I strive to emulate our request of God who we ask to let his compassion quench his anger. I have no pity for Hamas fighters and their followers who have given up their humanity, but I weep for the children of Gaza they have so callously endangered and abandoned as they hide in their tunnels and stash their weapons in schools, hospitals, and mosques.
We need to begin to find ways of ending this year of mourning and getting back to our mission to be messengers of meaning, to recognise our own pain, trauma and loss but also that of the countless ordinary people caught up in Gaza and Lebanon in the terrible vortex of loss and bitterness.
Yes, initiated and perpetuated by their own people, Hamas and Hezbollah, but also sometimes brought about by the fierce retribution of Israel.
We need to ask the agonising question about the cost of this war to the Israeli soul, to our Jewish consciousness in a spirit of love and in the framework of what choices does Israel have when attacked by an enemy that wants to eradicate it?
7. Don’t let go of your hope and your belief in humanity
This war may have unleashed a tsunami of hatred, but it has also unleashed a torrent of love and generosity. The Jewish people are singled out by God to be messengers of justice and righteousness. They are called on to join hands with all who believe in bettering our battered planet.
And we are not alone — we have many friends here in Australia and across the world.
So let’s hold on to hope and to our many friends and allies of different faiths, cultures and communities. Let’s affirm the Psalmist’s words echoed in Israel’s national anthem: Our hope won’t be lost.
Comments3
Miriam Feldheim30 October at 09:07 pm
I do not share your hope. Here is why. Twelve months after October 7 Israel is still dominated by its own evil, Smotrich, Ben-Gvir and their fellow travellers. We as a community are no longer vulnerable. Most Jews live in democratic countries where they can and do rebuke acts of antisemitism. Yet the actions of the current Israeli government does much to fuel rather than mitigate antisemitism.
Israel is led by a prime minister with absolute belief in his own ego. While Hamas, Hezbollah and Iran talk about destroying Israel and killing all Jews, under the direction of Smotrich and Ben Gvir in particular, Israel is destroying and killing all Palestinians in Gaza and The West Bank. We undertake our own share of using words to demonise and slander the enemy yet are not taken to account by our own community.
For decades Israel has regularly undermined and assassinated possible partners for peace. We pay lip service to the threats and dangers in our own community in the name of unity while readily blaming others for the deplorable situation in which we find ourselves.
Fred Morgan29 October at 07:14 am
Great piece! Somehow you manage to come in at just the right level, balancing righteous anger and deep pain with expansive compassion and hope.
Kevin Judah White29 October at 07:08 am
There are several other lessons I would add to Rabbi Genende’s seven, not least of which is ‘Beware of lapsing into tribalistic thinking and treating some human lives as more valuable than others’.

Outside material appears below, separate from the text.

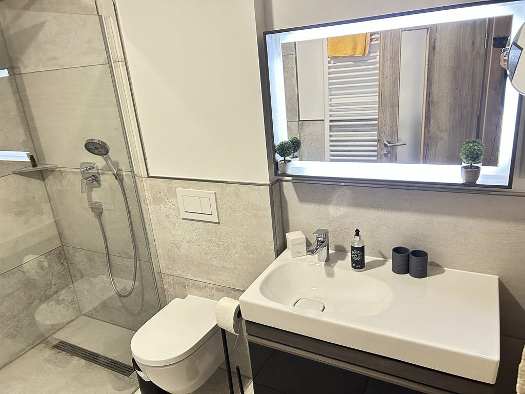 Das Bad ist ausgestattet mit einer bodengleichen Dusche (1,30x1,00 Meter) sowie hochwertiger Badkeramik.

I also take issue with the rabbi’s simplistic dismissal of the university protestors as displaying ‘ … at best, a lack of moral clarity, at worst an indecent and wilful prejudice’. Has it occurred to him that many, maybe most, are acting in good faith and are deeply troubled by the horrendous death toll of Palestinian civilians, the starvation and diseases they are enduring and their living in constant fear of when the next ‘targeted’ bombs will strike them?
We must ask more ‘agonising questions than the narrowly focused ones posed by the rabbi such as: is this Gaza war being conducted in a morally acceptable way and are there upper limits on the civilian death toll in pursuit of the chimerical ‘total victory’?